R/predict.censReg.R

Defines functions predict.censReg

Documented in predict.censReg

#' Predict Values
#'
#' Predicts values from a censored regression object: method for "censReg" object.
#'
#'Some combinations of \code{type} and \code{se.fit} and \code{interval}
#'are not possible, depending on the distribution of the model. If \code{type}
#'is "link" or the distribution is normal, then all combinations are possible.
#'the value for type may be "mean" only if the distribution is log-normal, and 
#'the only additional option is "estimate" for \code{se.fit}. For either log-normal
#'or common log distributions, if the \code{type} is "response," then the options for
#'\code{se.fit} and \code{interval} ae "none" or "prediction."
#'
#' @param object the output from \code{censReg}.
#' @param newdata an optional data frame in for predictions.
#'If omitted, the observations from \code{object} are used.
#' @param type the type of predicted value.

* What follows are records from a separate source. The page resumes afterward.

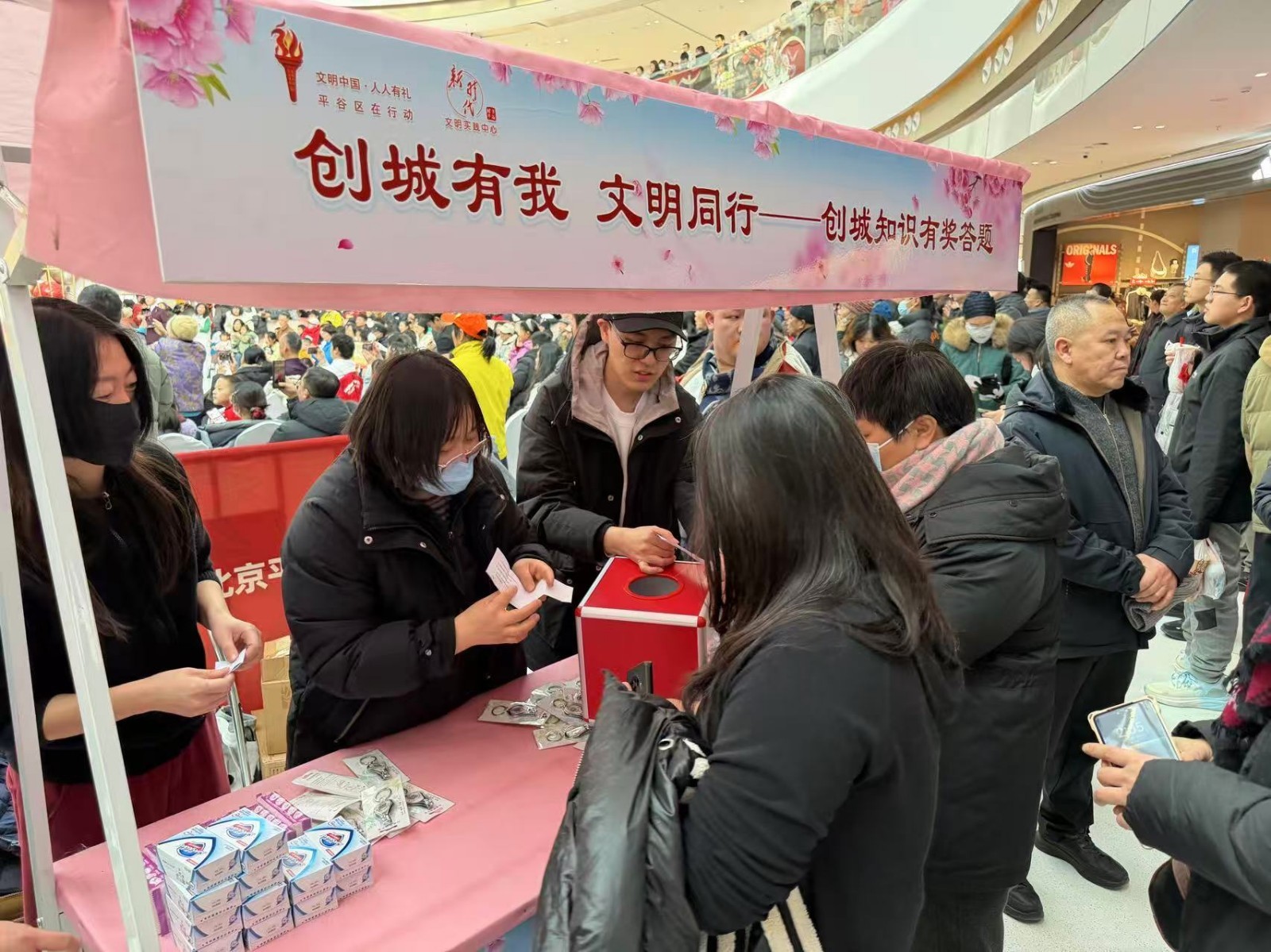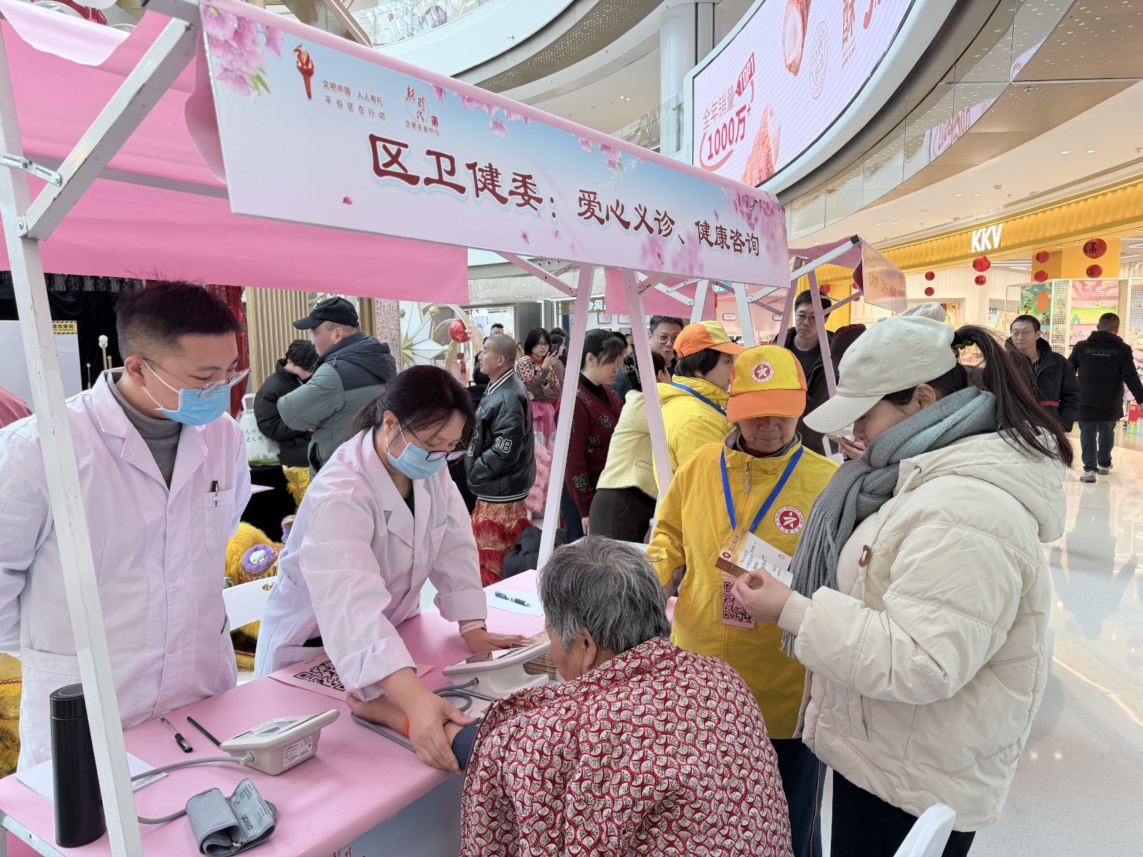 本端讯(记者 刘鑫)为传承中华优秀传统文化,培育和践行社会主义核心价值观,丰富群众精神文化生活,营造欢乐文明的节日氛围,2月7日下午,平谷区委宣传部、区新时代文明实践中心在万达广场一层中庭举办“文明迎新春 送福到万家——我在新时代文明实践中心过寒假暨文化科技卫生‘三下乡’”集中示范主题活动。区委宣传部、区文旅局、区卫健委、区文联、区商务局、区科信局、区司法局、区科协、区融媒体中心及各乡镇街道相关负责同志参加活动。
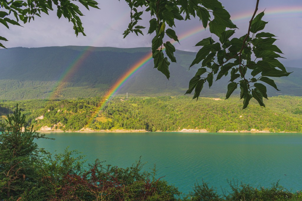 Pourtant aujourd’hui il ne fait pas chaud. On le laisse respirer le temps d’acheter a manger pour ce soir. Ça ne va pas beaucoup mieux mais on arrive tant bien que mal au camping 3* Herbelon. Doudou ne se laisse pas faire. Nous nous posons avec vue sur le lac sous la pluie. Il y a un magnifique arc en ciel top pour les photos.
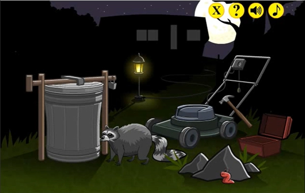 我们首先点击路灯的电线,接着点击除草机,让路灯的电线连接到除草机上;再点击除草机的开关,借此吓走浣熊。之后依次点击红色工具箱和锤子,用锤子敲击垃圾桶左上角的棍子,随后再点击一下那根木棍使其掉落,接着点击垃圾桶盖,再点击垃圾桶倒出来的垃圾。最后要先藏在垃圾中,再点击除草机的开关,等浣熊回来后点击浣熊(要是不先藏在垃圾里就关除草机,会出现好结局)。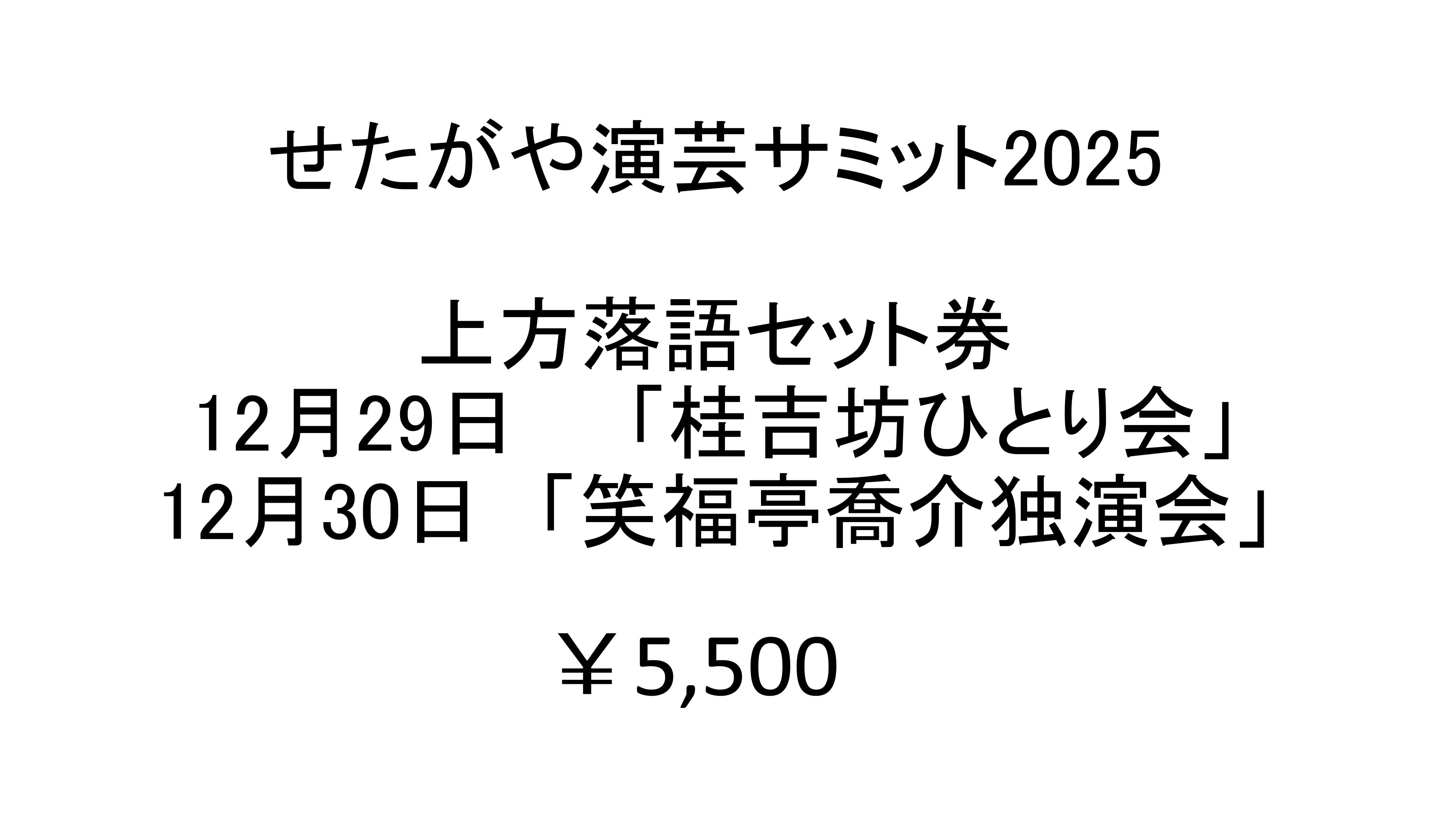12月29日と30日の「上方落語」公演どちらもご観覧いただけるチケットです。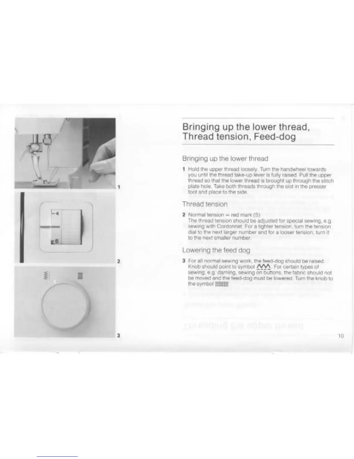 Bernina 1004 - Thread Management and Feed Dog; Bringing Up Lower Thread; Thread Tension Adjustment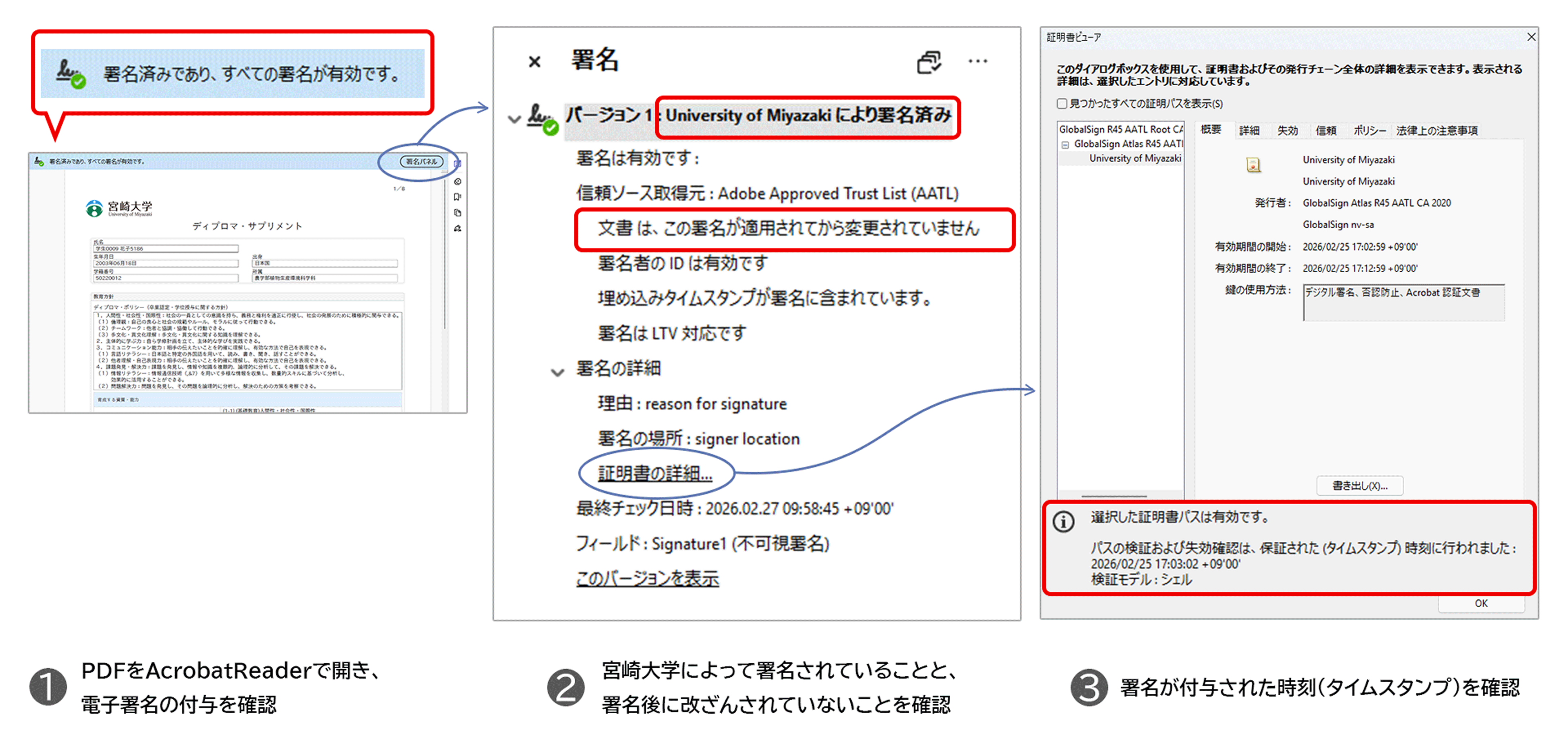 Readerを用いて本学の公式な証明書であることを確認できます。

To get predictions on the
#'original scale of the response, use "response." To get predictions on the
#'transformed scale of the response, use "link." To get the mean predictions
#'for log-normal data, use "mean."
#' @param se.fit the type of standard errors of the predicted value to include
#'in the result.
#' @param interval type type of interval calculation. See \code{Details}.
#' @param level the confidence or prediction interval.
#' @param na.action function determining what should be done with missing values
#'in newdata. The default is to predict NA.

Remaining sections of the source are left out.